Here’s a letter to the Washington Post:
Reporting on the commendable efforts of the Business Council for Peace to bring young developing-country entrepreneurs to America for training, Thomas Heath appropriately opens with this paragraph: “There’s a line from the late television series ‘The West Wing’ that has stuck with me over the years. It went something like, ‘Trade between countries prevents wars'” (“Value Added: An exchange program for entrepreneurs,” Oct. 17).
Here, fiction is fact.
In his 2006 book Global Capitalism, Harvard University’s Jeffry Frieden notes that “As one of [FDR’s Secretary of State Cordell] Hull’s supporters put it, ‘If soldiers are not to cross international borders, goods must do so.'”* This wise proponent of Hull’s free-trade proclivities was one Otto Maller, a man otherwise lost to history.
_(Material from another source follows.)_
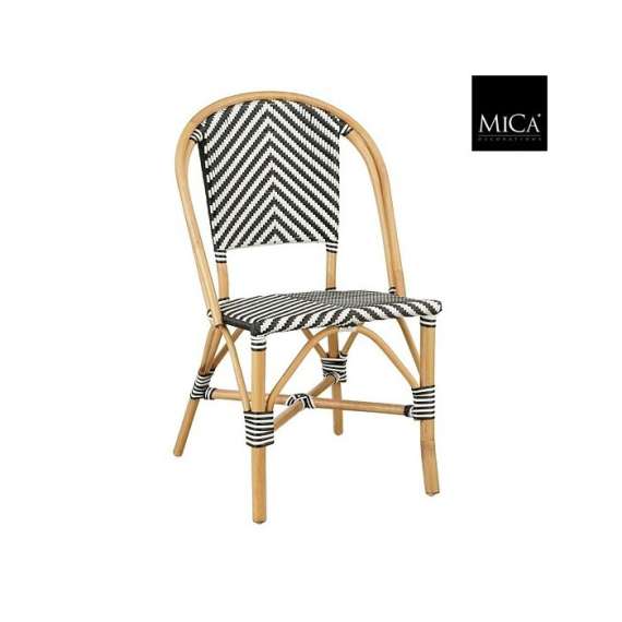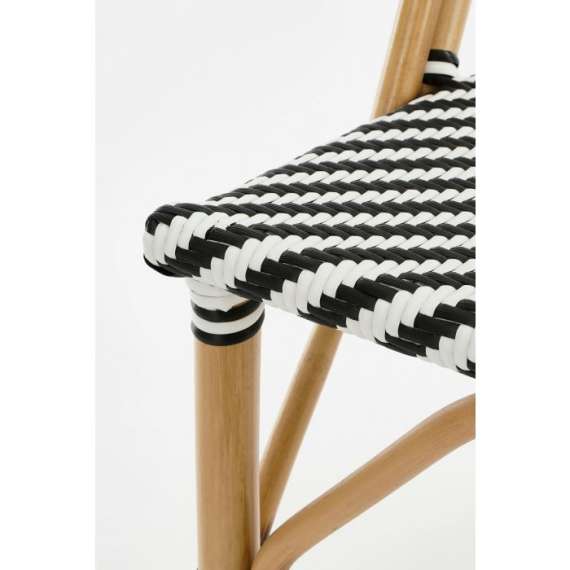 Esta silla bistro Mandox aporta el ambiente de un bistro francés a su espacio exterior. La silla bistro está hecha de ratán natural y material sintético trenzado. Esta combinación garantiza que la silla no sólo atraiga las miradas, sino que también sea resistente a la intemperie. Con su diseño clásico y su motivo trenzado en blanco y negro. La cómoda silla de bistro tiene una altura de asiento de 46,5 cm, una anchura de asiento de 45 cm, una profundidad de asiento de 45 cm y además mide L51 x A57 x A90 cm. El complemento ideal para cualquier jardín, balcón o terraza como silla de patio.

It’s imperative to understand that this positive relationship between peace and free trade that Mr. Maller expressed so succinctly has long been emphasized by free-trade’s most prominent champions – as evidenced, for example, by many of the newly published letters of Frederic Bastiat (1801-1850) that show him to have been as tireless and principled a campaigner for peace as he was for free trade.**
Sincerely,
Donald J. Boudreaux* p. 255.
** F. Bastiat, The Man and the Statesman, Jacques de Guenin, David Hart, & Dennis O’Keefe, eds. (Indianapolis: Liberty Fund, 2011).
(HT to Cato’s David Boaz for alerting me to the Heath column.)